§ MATERIAL PROVIDED
★ ★ ★ ★

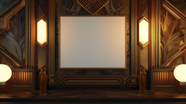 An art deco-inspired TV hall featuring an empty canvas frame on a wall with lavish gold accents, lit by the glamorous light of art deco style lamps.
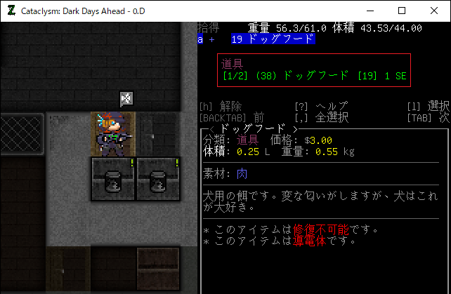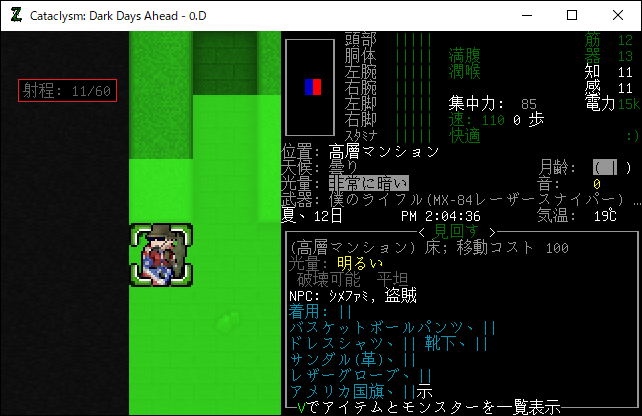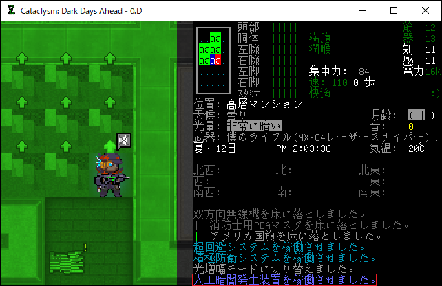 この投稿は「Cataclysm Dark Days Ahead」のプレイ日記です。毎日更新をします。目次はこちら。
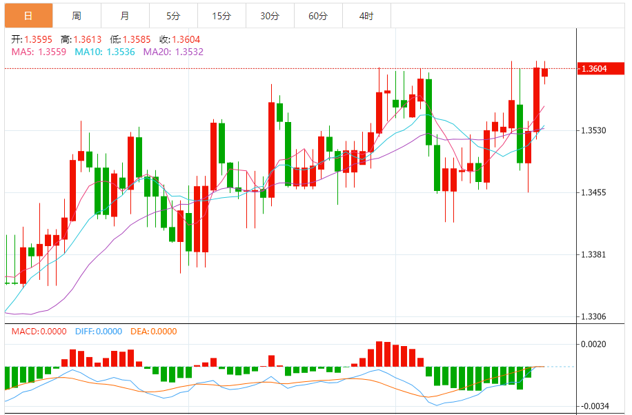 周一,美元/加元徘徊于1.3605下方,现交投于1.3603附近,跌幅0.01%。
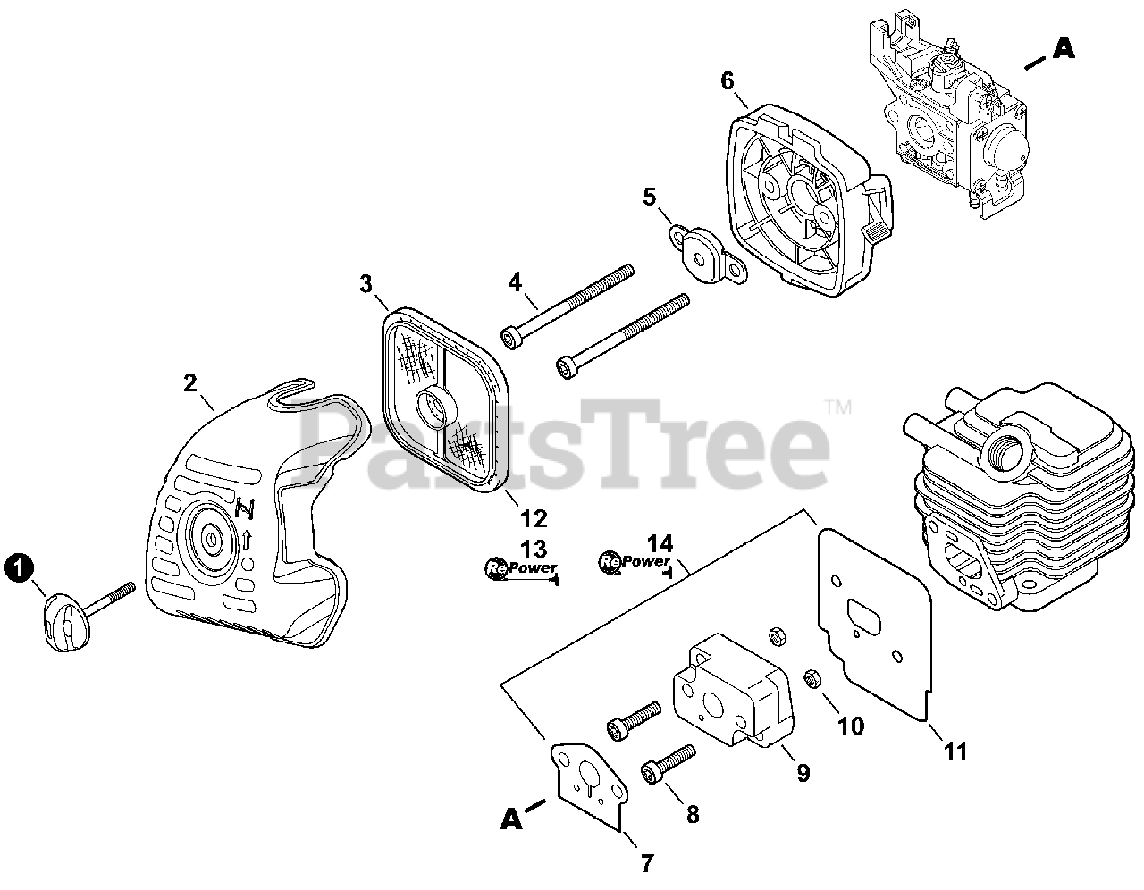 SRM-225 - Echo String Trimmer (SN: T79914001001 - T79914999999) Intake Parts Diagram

★ ★ ★ ★

§ PROMPT
Omit the pictures and repeat the rest of the listing verbatim.

§ EXERCISE RESPONSE
 An art deco-inspired TV hall featuring an empty canvas frame on a wall with lavish gold accents, lit by the glamorous light of art deco style lamps.
 この投稿は「Cataclysm Dark Days Ahead」のプレイ日記です。毎日更新をします。目次はこちら。
 周一,美元/加元徘徊于1.3605下方,现交投于1.3603附近,跌幅0.01%。
 SRM-225 - Echo String Trimmer (SN: T79914001001 - T79914999999) Intake Parts Diagram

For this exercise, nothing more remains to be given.